┌─ Data in this exercise

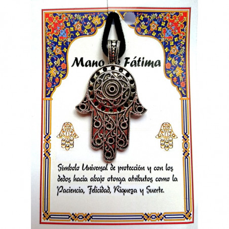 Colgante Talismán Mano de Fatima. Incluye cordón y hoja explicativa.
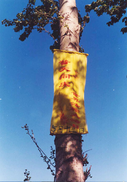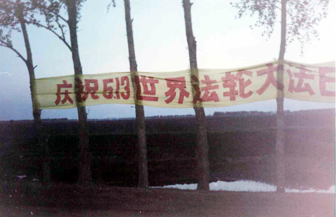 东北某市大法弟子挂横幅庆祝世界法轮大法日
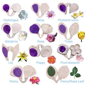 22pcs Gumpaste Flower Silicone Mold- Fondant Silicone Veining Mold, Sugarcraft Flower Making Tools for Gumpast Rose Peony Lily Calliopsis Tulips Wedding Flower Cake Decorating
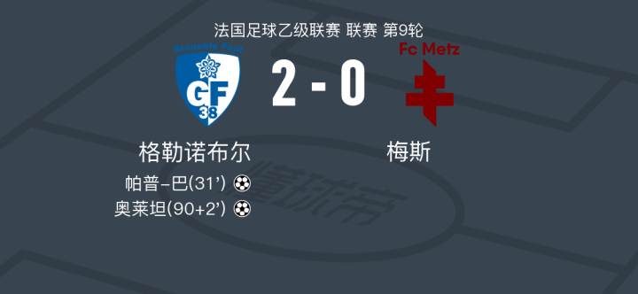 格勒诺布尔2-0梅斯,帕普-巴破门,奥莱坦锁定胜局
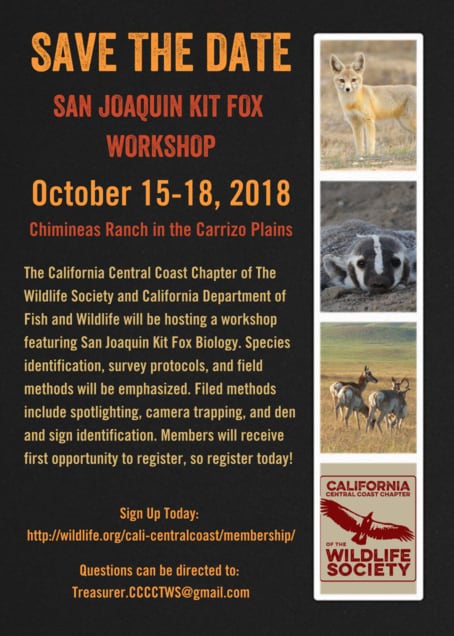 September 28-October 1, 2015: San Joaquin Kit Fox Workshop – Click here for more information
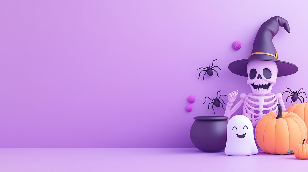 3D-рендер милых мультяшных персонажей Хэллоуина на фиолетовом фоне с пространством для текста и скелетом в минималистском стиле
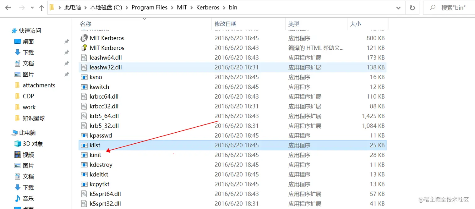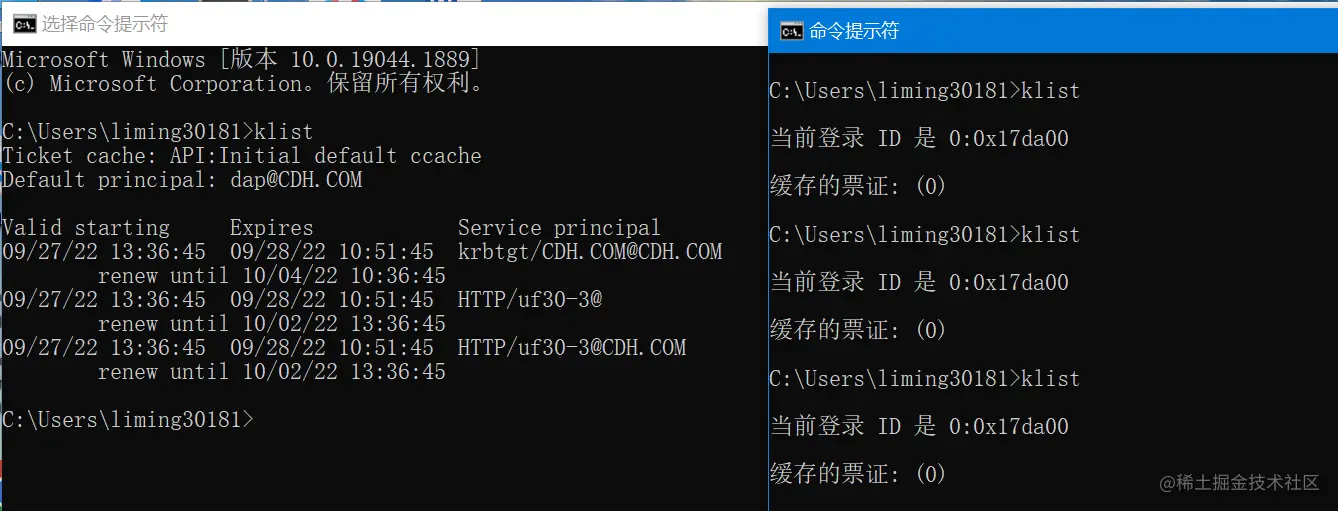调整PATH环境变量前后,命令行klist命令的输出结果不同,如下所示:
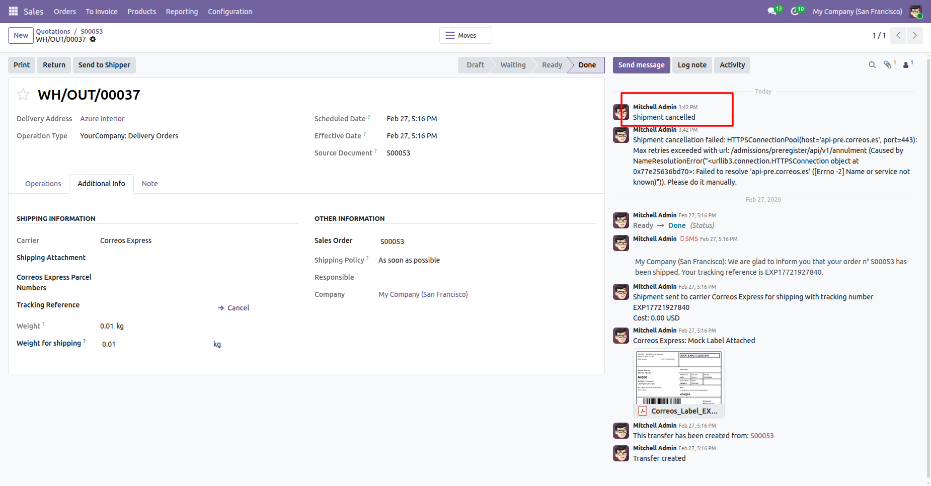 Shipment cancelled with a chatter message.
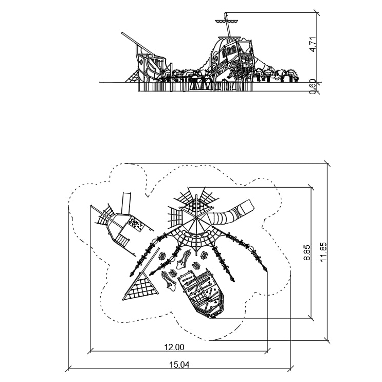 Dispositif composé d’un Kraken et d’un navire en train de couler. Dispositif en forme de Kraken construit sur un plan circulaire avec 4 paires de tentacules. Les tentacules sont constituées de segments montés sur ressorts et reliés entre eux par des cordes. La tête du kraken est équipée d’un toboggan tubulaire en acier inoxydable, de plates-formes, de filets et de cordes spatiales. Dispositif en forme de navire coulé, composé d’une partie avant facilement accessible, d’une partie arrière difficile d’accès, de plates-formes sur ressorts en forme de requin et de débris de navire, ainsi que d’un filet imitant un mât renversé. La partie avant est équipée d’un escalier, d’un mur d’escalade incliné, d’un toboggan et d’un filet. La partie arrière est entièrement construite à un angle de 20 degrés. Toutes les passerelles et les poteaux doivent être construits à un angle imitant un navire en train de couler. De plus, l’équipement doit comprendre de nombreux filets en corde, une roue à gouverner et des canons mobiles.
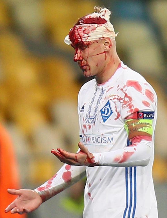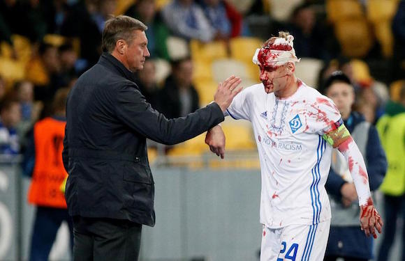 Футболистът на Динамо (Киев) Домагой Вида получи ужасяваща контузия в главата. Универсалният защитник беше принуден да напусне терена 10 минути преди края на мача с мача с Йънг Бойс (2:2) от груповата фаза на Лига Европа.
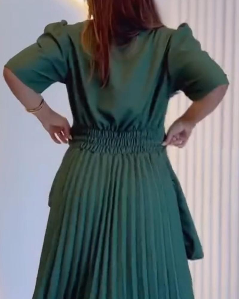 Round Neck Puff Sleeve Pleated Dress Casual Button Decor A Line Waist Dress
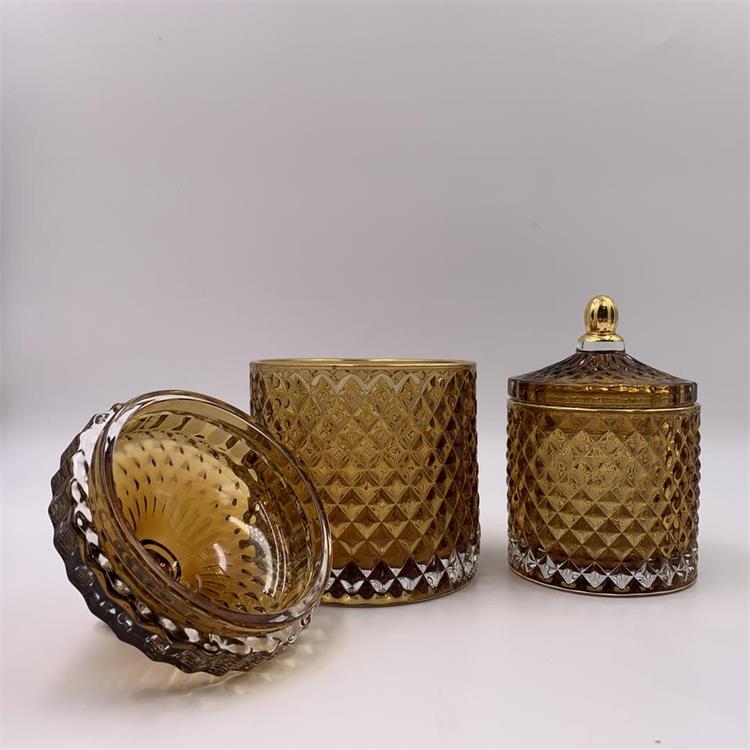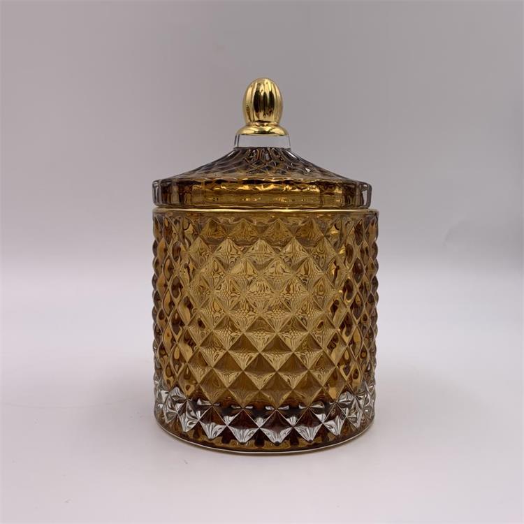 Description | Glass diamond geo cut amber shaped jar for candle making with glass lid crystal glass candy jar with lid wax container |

└─

Directions for this task.
The answer should be the records above, unchanged, with the pictures omitted.

Solution.
 Colgante Talismán Mano de Fatima. Incluye cordón y hoja explicativa.
 东北某市大法弟子挂横幅庆祝世界法轮大法日
 22pcs Gumpaste Flower Silicone Mold- Fondant Silicone Veining Mold, Sugarcraft Flower Making Tools for Gumpast Rose Peony Lily Calliopsis Tulips Wedding Flower Cake Decorating
 格勒诺布尔2-0梅斯,帕普-巴破门,奥莱坦锁定胜局
 September 28-October 1, 2015: San Joaquin Kit Fox Workshop – Click here for more information
 3D-рендер милых мультяшных персонажей Хэллоуина на фиолетовом фоне с пространством для текста и скелетом в минималистском стиле
调整PATH环境变量前后,命令行klist命令的输出结果不同,如下所示:
 Shipment cancelled with a chatter message.
 Dispositif composé d’un Kraken et d’un navire en train de couler. Dispositif en forme de Kraken construit sur un plan circulaire avec 4 paires de tentacules. Les tentacules sont constituées de segments montés sur ressorts et reliés entre eux par des cordes. La tête du kraken est équipée d’un toboggan tubulaire en acier inoxydable, de plates-formes, de filets et de cordes spatiales. Dispositif en forme de navire coulé, composé d’une partie avant facilement accessible, d’une partie arrière difficile d’accès, de plates-formes sur ressorts en forme de requin et de débris de navire, ainsi que d’un filet imitant un mât renversé. La partie avant est équipée d’un escalier, d’un mur d’escalade incliné, d’un toboggan et d’un filet. La partie arrière est entièrement construite à un angle de 20 degrés. Toutes les passerelles et les poteaux doivent être construits à un angle imitant un navire en train de couler. De plus, l’équipement doit comprendre de nombreux filets en corde, une roue à gouverner et des canons mobiles.
 Футболистът на Динамо (Киев) Домагой Вида получи ужасяваща контузия в главата. Универсалният защитник беше принуден да напусне терена 10 минути преди края на мача с мача с Йънг Бойс (2:2) от груповата фаза на Лига Европа.
 Round Neck Puff Sleeve Pleated Dress Casual Button Decor A Line Waist Dress
 Description | Glass diamond geo cut amber shaped jar for candle making with glass lid crystal glass candy jar with lid wax container |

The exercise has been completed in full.